> _TASK TO CARRY OUT_:
Where the line containing "De trappenhuizen, de" appears below, begin there and reproduce each line exactly through the last one, omitting pictures.

> _PROVIDED MATERIAL_:
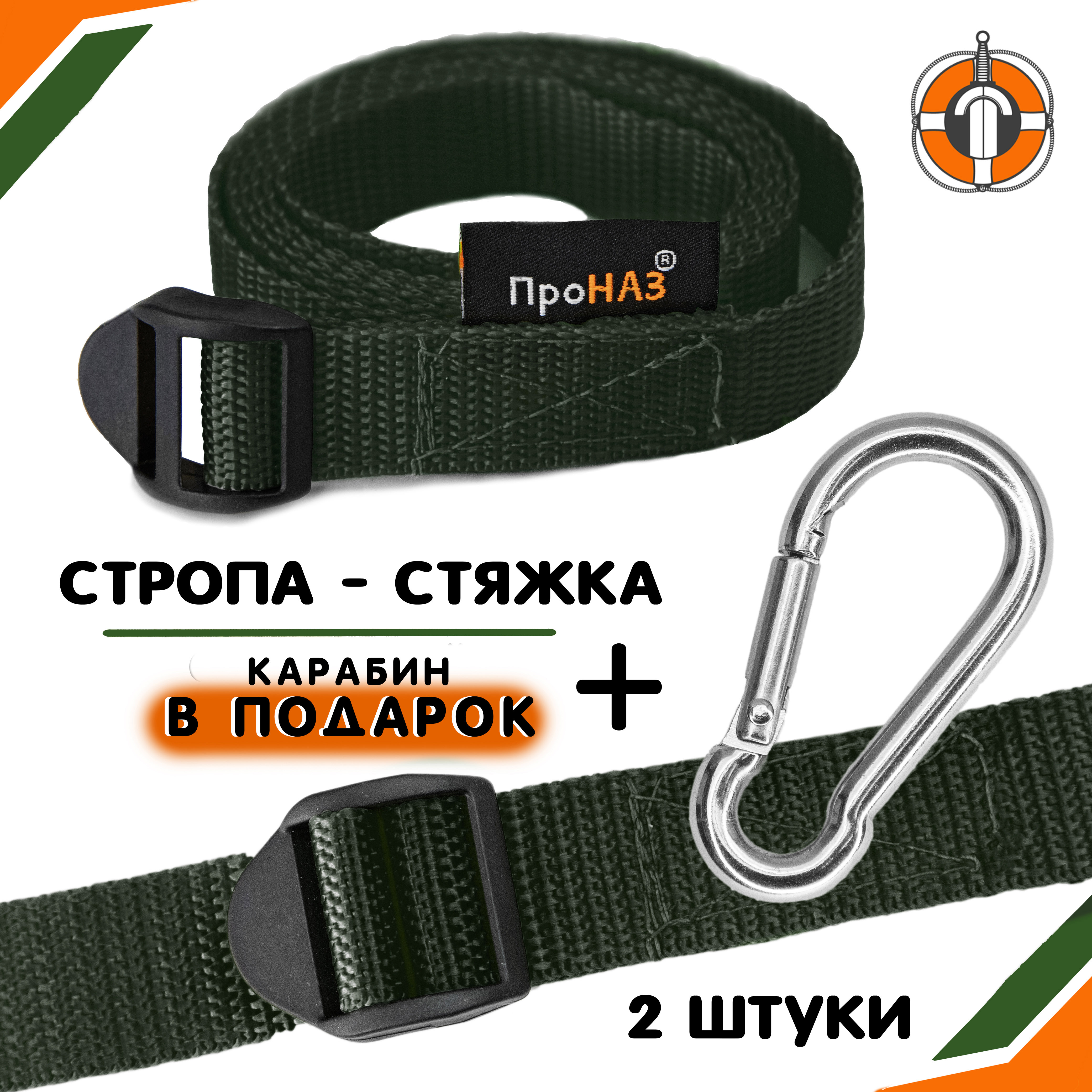 В подарок к комплекту идет пружинный карабин из нержавеющей стали. Он предназначен для быстрого и надёжного крепления тросов, верёвок, различных предметов между собой или к чему-либо, а так же подвешивания инструментов, снаряжения. Такое крепление отлично подойдёт для использования в туристических целях, различных путешествиях, походах. Карабином можно фиксировать различные элементы снаряжения, крепить туристические гамаки, сцеплять верёвки (тросы).
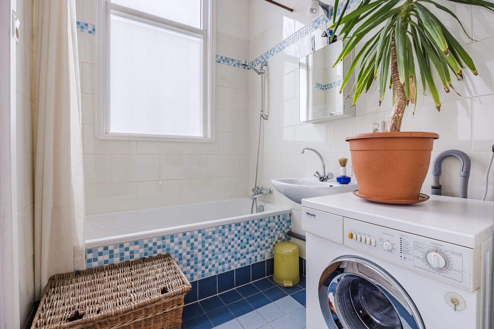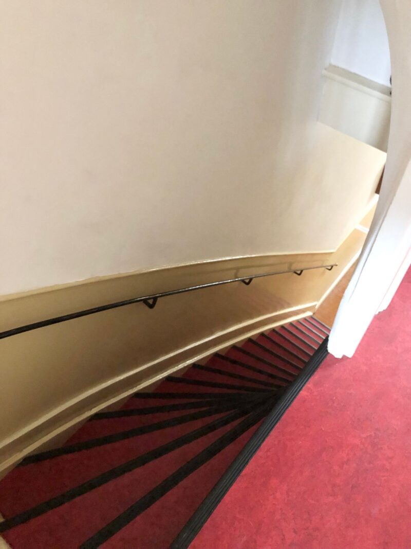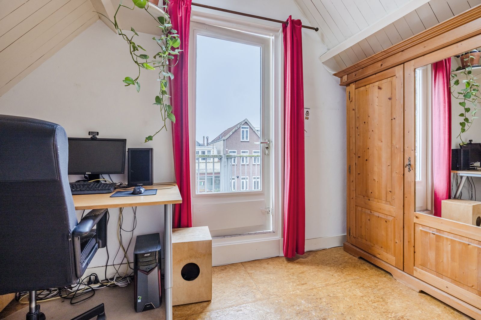 De trappenhuizen, de gangen en de ruime en lichte slaapkamers aan de voor- en achterzijde zijn voorzien van verzorgd linoleum. Aan de achterkamer grenst de tweede badkamer, uitgerust met een ligbad en wasmachine aansluiting. Vanuit deze badkamer is tevens het ruime tweede balkon toegankelijk.
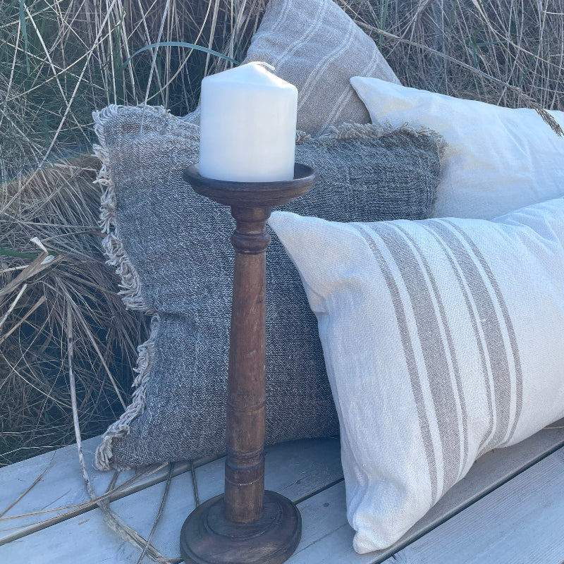 Rustikke træ lysestage, lavet af genbrugs træ fra Indien. Den er så fin med et bloklys
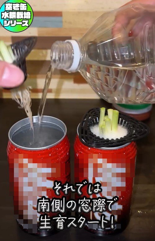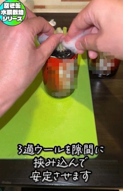 1.3 【小ネギの水耕栽培 2】水を入れた空き缶に乗せる

> _RESPONSE TO THIS EXERCISE_:
 De trappenhuizen, de gangen en de ruime en lichte slaapkamers aan de voor- en achterzijde zijn voorzien van verzorgd linoleum. Aan de achterkamer grenst de tweede badkamer, uitgerust met een ligbad en wasmachine aansluiting. Vanuit deze badkamer is tevens het ruime tweede balkon toegankelijk.
 Rustikke træ lysestage, lavet af genbrugs træ fra Indien. Den er så fin med et bloklys
 1.3 【小ネギの水耕栽培 2】水を入れた空き缶に乗せる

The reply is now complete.